Comment Re:poor training for industry jobs (Score 2) 283
One problem is that the industry today is ruled by Wall Street and has very short term outlook. We know for a fact that most industrial giants have closed their research labs or shrunk them greatly. Just for kicks, which industry will subcontract a CERN collider or a Hubble telescope? We are also seeing this in biomed. Industrial firms were in no rush to develop Ebola cures because they could not see the profit. Now the government is giving tons of money to the few promising leads trying to play catch up and we are losing lives in the process. Similarly, and more ominously, companies are not investing in new antibiotics and we are seeing major antibiotic resistant strains arise and threaten medieval-style misery. I suppose we will dump money at the problem when the first few millions die from some new pandemic caused by a relative of a previously benign bug. In short, bringing in industry to manage science is a terrible idea and there is tons of examples right here right now.
National labs could certainly be diversified in their mission to facilitate transition of academic minds into industry. The problem is... where are those industry jobs?
Putting everyone on GSA scale is a great and overdue idea. You will have to boost grant funding to prevent existing research projects from grinding to a halt but after that boost you could maintain that level steady. NIH already has some salary guidelines but they do need to be boosted.
In any event, the real problem is the lack of funding and hence jobs, whether in the industry or in academia. Personally, I feel that the solution is to acknowledge that we have too many graduates at every level and to then dramatically increase academic standards so that only very few could get a PhD and this degree would be seen (as it once was) as a major accomplishment that truly sets one apart from their peers. I think that if we simply produced ten times less PhDs then we would have none of the issues with postdoc glut. In hard sciences, we should eliminate Master's degrees because right now you get it if you are a failure and cannot get a PhD. The degree might have its uses in Engineering though. We need to cut the number of bachelor degrees until salaries for tech work start to go up. We also need to reorient scientific labs to employ technicians, rather than students or postdocs. That way labor will get a market price and will not be tied to a degree. Bachelor students will once again know that there is an industry job waiting if they can get a degree.

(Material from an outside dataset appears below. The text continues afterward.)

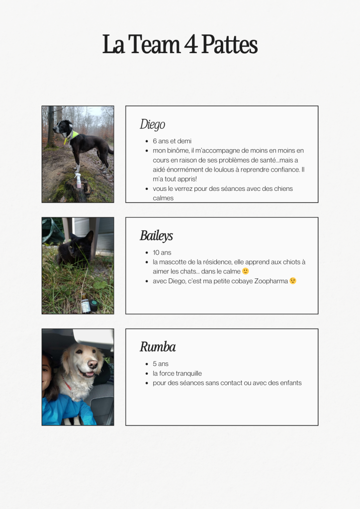La formation suivie au Centre du bien-être animal m’a permis d’acquérir des connaissances en accord avec mes valeurs : avec moi, vous ne verrez jamais de collier étrangleur/à pics, électrique ni d’a-coups sur la laisse.

PhD students will then be apprentices who will know up front that they aim for academic freedom but their odds are like the odds of winning the Olympics. And if PhD students fail to get a degree then they will still have a bachelor to fall back on.
Most importantly, we need to dramatically increase salaries for middle and high school teachers of science and math and simultaneously increase hiring prerequisites. This is where we need to channel the current glut. The brightest people on the sidelines need to be channeled into getting our society as a whole up to speed.